CREATE OR REPLACE MODEL
Creates and trains a model and replaces an existing model with the same name in the specified dataset.
model_name
model_name
is the name of the model you're creating or replacing. The model
name must be unique per dataset: no other model or table can have the same name.
The model name must follow the same naming rules as a BigQuery
table. A model name can:
- Contain up to 1,024 characters
- Contain letters (upper or lower case), numbers, and underscores
model_name
is not case-sensitive.
If you do not have a default project configured, prepend the project ID to the model name in following format, including backticks: `[PROJECT_ID].[DATASET].[MODEL]` ; for example, `myproject.mydataset.mymodel`.
model_option_list
In the model_option_list
, the model_type
option is required. All others
are optional.
CREATE MODEL
supports the following options:
MODEL_TYPE
Syntax
MODEL_TYPE = { 'PCA' }
Description
Specify the model type. This option is required.
Arguments
'PCA'
Principal component analysis (PCA) is the
process of computing the principal components and using them to perform a change
of basis on the data. It is commonly used for dimensionality reduction by
projecting each data point onto only the first few principal components to
obtain lower-dimensional data while preserving as much of the data's variation
as possible. The first principal component can equivalently be defined as a
direction that maximizes the variance of the projected data.
PCA is an unsupervised learning technique, so model training does not require labels nor split data for training or evaluation.
NUM_PRINCIPAL_COMPONENTS
Syntax
NUM_PRINCIPAL_COMPONENTS = int64_value
Description
Number of principal components to keep.
Arguments
int64_value
is an INT64
. It can not be larger than the
total number of rows or the total feature cardinalities (after one-hot encoding
the categorical features).
PCA_EXPLAINED_VARIANCE_RATIO
Syntax
PCA_EXPLAINED_VARIANCE_RATIO = float64_value
Description
The number of principal components is selected such that the percentage of variance explained by the principal components is greater than the ratio specified by this argument.
Arguments
float64_value
is a FLOAT64
. The value must be within
(0, 1).
SCALE_FEATURES
Syntax
SCALE_FEATURES = { TRUE | FALSE }
Description
Whether or not to scale the numerical features to unit variance. Note that the input numerical features are always centered to have zero mean value. Separately, categorical features are one-hot encoded.
Arguments
Accepts a BOOL
. The default value is TRUE
.
PCA_SOLVER
Syntax
PCA_SOLVER = { 'FULL' | 'RANDOMIZED' | 'AUTO' }
Description
The solver that is used to calculate the principal components.
Arguments
'FULL'
: Run a full eigendecomposition algorithm. In this case, the maximum allowed
feature cardinality (after one-hot encoding the categoricals) is dynamically
estimated. The primary factor that determines this value is the lengths of the
feature names, and is irrelevant to the values of
NUM_PRINCIPAL_COMPONENTS
or
PCA_EXPLAINED_VARIANCE_RATIO
. As a guideline,
this maximum-allowed-feature cardinality typically falls between 1000 to 1500.
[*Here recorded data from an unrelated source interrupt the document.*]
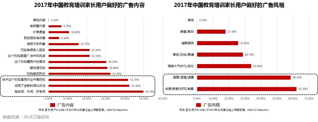 目标人群最(不)感兴趣的三类广告,最感兴趣:“有名师、牛师、好老师”,“采用了全新的培训方法或技术”和“这个机构是同行业中最好的”;最不感兴趣:“有明星代言”、“价格便宜”和“现在报名有优惠”;62.2%的家长会对新鲜好玩的广告感兴趣;教育培训机构可以尝试内容靠谱、风格又有趣的广告。
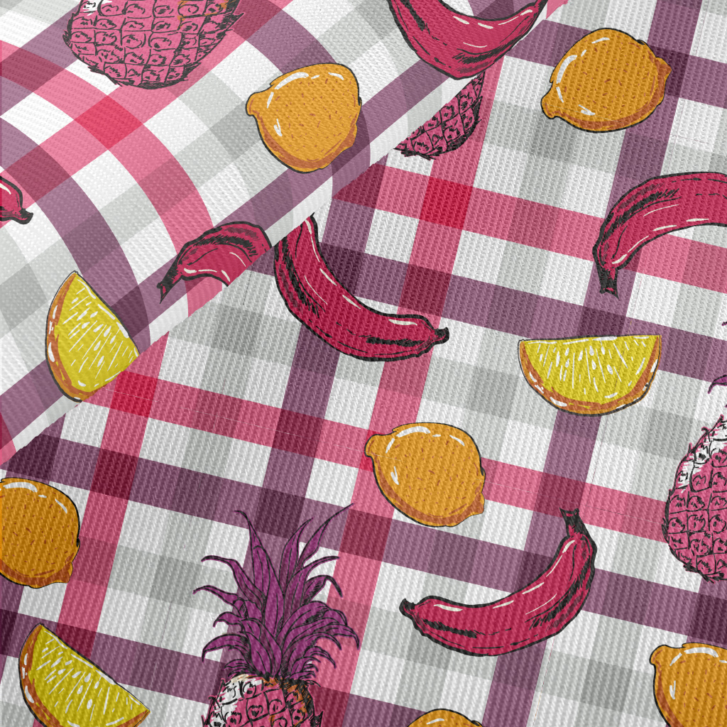 Checkered Various Fruits Midweight Cotton Poplin
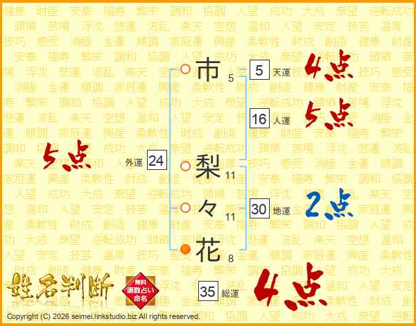 金運 順調 家庭運 興産 柔軟性 財成 創造
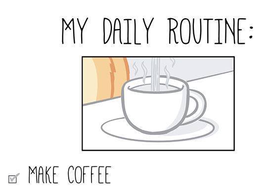 Half of it is related to diet and exercising, the other half to various every day topics. Most are repetitive and I didn’t like much the drawings either. Just two of them made me smile and here they are:
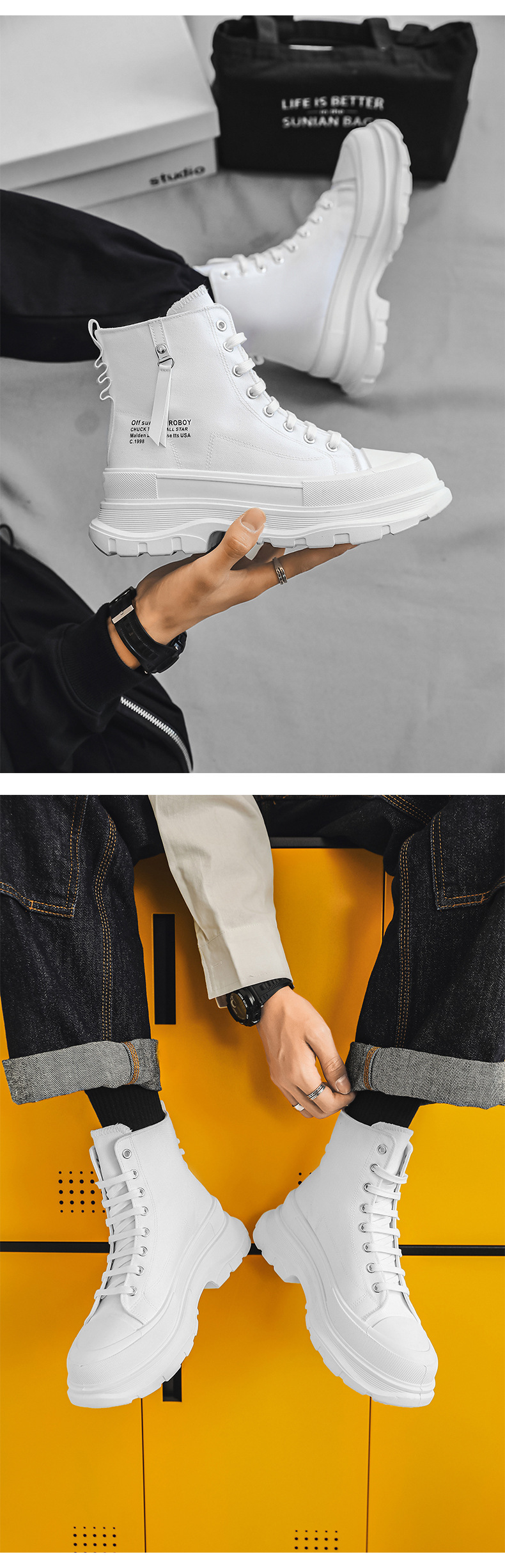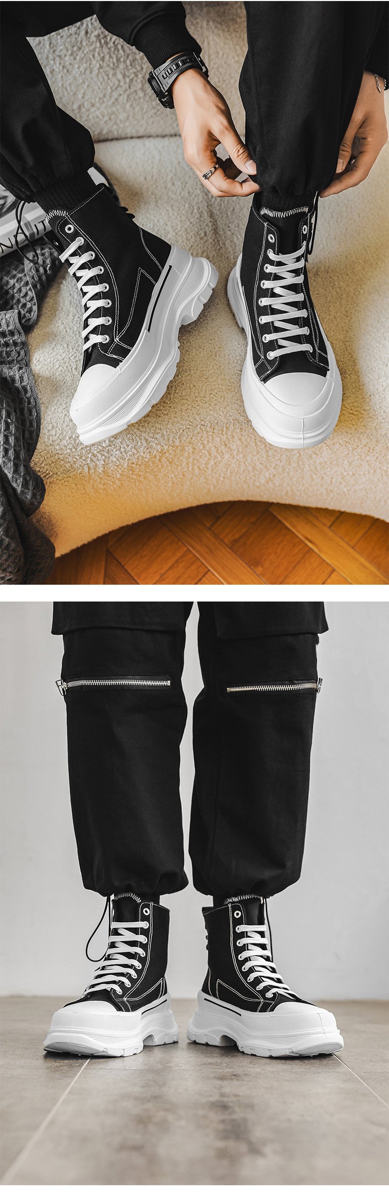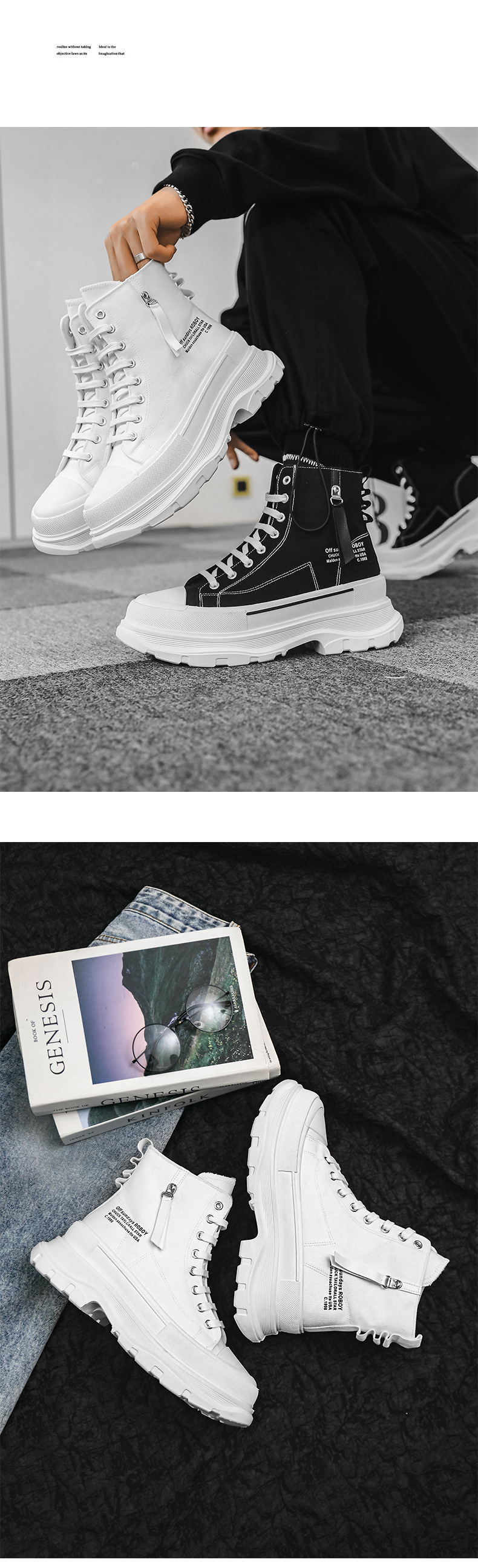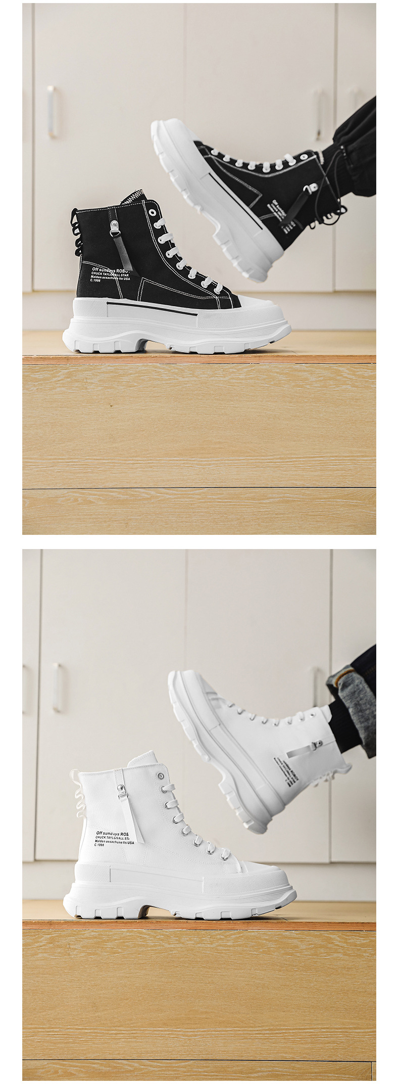 청소년을 위한 사계절 하이탑 캔버스 슈즈, 편안한 아웃도어 스포츠 및 레저 남성화, 패셔너블한 레이스업 두꺼운 밑창 키높이 슈즈스토어 가기

If the total feature cardinality of the input data violates the estimated
maximum value, then an invalid query error is returned.
'RANDOMIZED'
: Run a randomized PCA algorithm. In this case, the maximum
allowed feature cardinality is restricted to 10,000. If the feature cardinality
of the input data is less than 10,000, then there is a dynamically determined cap
on the number of principal components to compute, resulting from resource
constraints.
- If you specify
NUM_PRINCIPAL_COMPONENTS
, then the value must not be larger than the cap, otherwise it will result in invalid query errors. - If you specify
PCA_EXPLAINED_VARIANCE_RATIO
, then all principal components under the cap are computed. If their total explained variance ratio is less than the specified value, then they will all be returned; otherwise a subset is returned.
'AUTO'
: The solver is selected by a default policy based on the input data.
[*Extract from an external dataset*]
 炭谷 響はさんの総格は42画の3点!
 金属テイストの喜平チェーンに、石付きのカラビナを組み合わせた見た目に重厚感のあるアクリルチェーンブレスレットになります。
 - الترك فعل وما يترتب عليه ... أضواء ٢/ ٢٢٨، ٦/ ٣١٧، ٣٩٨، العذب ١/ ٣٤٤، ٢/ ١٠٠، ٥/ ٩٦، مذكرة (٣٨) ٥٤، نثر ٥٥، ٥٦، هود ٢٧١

Typically, when the feature cardinality (after one-hot encoding all the
categoricals) is less than a threshold, the exact full eigendecomposition is
computed. Otherwise randomized PCA is performed. The threshold is dynamically
determined but typically falls between 1000 and 1500. The number of rows in the
input data is not considered when in deciding the solver.
The default value is 'AUTO'
.
query_statement
The AS query_statement
clause specifies the GoogleSQL query that is used to
generate the training data. See the
GoogleSQL Query Syntax
page for the supported SQL syntax of the query_statement
clause.
CREATE MODEL
examples
The following examples create models named mymodel
in mydataset
in your
default project.
Train a PCA model using NUM_PRINCIPAL_COMPONENTS
option.
This example creates a PCA model with four principal components.
CREATE MODEL `mydataset.mymodel` OPTIONS ( MODEL_TYPE='PCA', NUM_PRINCIPAL_COMPONENTS=4 ) AS SELECT * FROM `mydataset.mytable`
Train a PCA model using PCA_EXPLAINED_VARIANCE_RATIO
option.
This example creates a PCA model, where the number of principal components is selected such that the percentage of variance explained by them is greater than 0.8.
CREATE MODEL `mydataset.mymodel` OPTIONS ( MODEL_TYPE='PCA', PCA_EXPLAINED_VARIANCE_RATIO=0.8 ) AS SELECT * FROM `mydataset.mytable`
Dimensionality reduction with a PCA model example
The following sample creates the mydataset.iris_pca
PCA model with input
features.
CREATE MODEL `mydataset.iris_pca` OPTIONS ( MODEL_TYPE='PCA', NUM_PRINCIPAL_COMPONENTS=2, SCALE_FEATURES=FALSE ) AS SELECT sepal_length, sepal_width, petal_length, petal_width FROM `bigquery-public-data.ml_datasets.iris`;
The following sample transforms the input features using the
mydataset.iris_pca
model into a lower dimensional space, which is then used
to train the mydataset.iris_logistic
model. mydataset.iris_logistic
will be
a better ML model if the original input features are afflicted by the curse of
dimensionality.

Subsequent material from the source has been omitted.